Search Unity

Why does smoothstep get "optimised" OpenGLES?

Discussion in 'Shaders' started by mikesx, Mar 3, 2016.

  1. mikesx

    mikesx

    Joined:
    Oct 1, 2013
    Posts:
    4
    I'm trying to find out why on openglES smoothstep gets expanded:
    Code (CSharp):
    1.  tmpvar_3 = clamp (((c_1.xyz - vec3(_min)) / (vec3(_max) - vec3(_min))), 0.0, 1.0);
    2.   c_1.xyz = (c_1.xyz * (tmpvar_3 * (tmpvar_3 *
    3.   (3.0 - (2.0 * tmpvar_3))
    4.   )));
    If the gpu has a native function for it, it will be faster?
    The must be a reason for doing this?

    According to PVRShaderEditor , the shader I'm looking at goes from 11 cycles to 3 cycles when I put the smoothstep back in.
     
  2. Farfarer

    Farfarer

    Joined:
    Aug 17, 2010
    Posts:
    2,249
    I'm guessing for compatibility purposes?
     
  3. Michal_

    Michal_

    Joined:
    Jan 14, 2015
    Posts:
    365
    I wouldn't worry about that. GLSL Optimizer will inline anything it can to make it easier for the compiler in the driver.
    The important thing to realize is that not every built-in GLSL/HLSL function is directly supported by the gpu. Very few are in fact. Functions like sin(), sqrt() or rcp() map directly to hw instructions (it depends on the specific hw). But more complex functions like normalize(), pow(), smoothstep() don't have direct hw support and will be expanded into multiple instructions by the compiler in driver.
    So built-in functions are more of a hint to the compiler than anything else. If you use normalize(), you're telling the compiler that you want to normalize a vector and it will give you the best way to do it on a given hw. But that doesn't mean the hw has a direct support for it. The driver will likely expand normalize() into 3 different instructions.

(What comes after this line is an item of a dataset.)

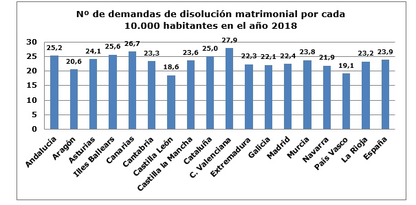 Tan sólo la Comunidad Valenciana, con una tasa de 27,9 demandas por cada 100.000 habitantes -1,2 puntos más- superó al Achipiélago el año pasado en volumen relativo de demandas matrimoniales. La comunidad con menos pleitos civiles de este tipo fue Castilla y León, con una tasa del 18,6.

    In other word, if GLSL Optimizer wouldn't expand smoothstep, then the compiler in driver likely would. I even tried PVRShaderEditor with both variants and got the same estimation for both. Not sure why you get different results. You can always measure the difference if you want to be 100% sure.
     
  4. mikesx

    mikesx

    Joined:
    Oct 1, 2013
    Posts:
    4
    This doesn't make logical sense, why would you expand it before the driver. The driver will know the best way for this function to be executed based on it's hardware.

    I've just double checked again and I must of made a mistake editing in the PVRShaderEditor, I do get a small gain using smoothstep rather than the expanded, but its more like a cycle difference which is nominal.
     
  5. Michal_

    Michal_

    Joined:
    Jan 14, 2015
    Posts:
    365
    In ideal world, yes. It would be better to let the driver do its job. Not so much in real world. Driver compilers are notoriously bad. Or at least they were. That's why Unity and many others pre-optimize glsl shaders. It was common to get several times better performance if you pre-optimized your shaders with GLSL Optimizer. Drivers were that bad!

    It is possible that PowerVR now has a decent driver and that it will give you better performance than GLSL Optimizer but this is not the case in general.

    I don't know why GLSL Optimizer expands smoothstep but chances are it makes the shader faster on some GPUs.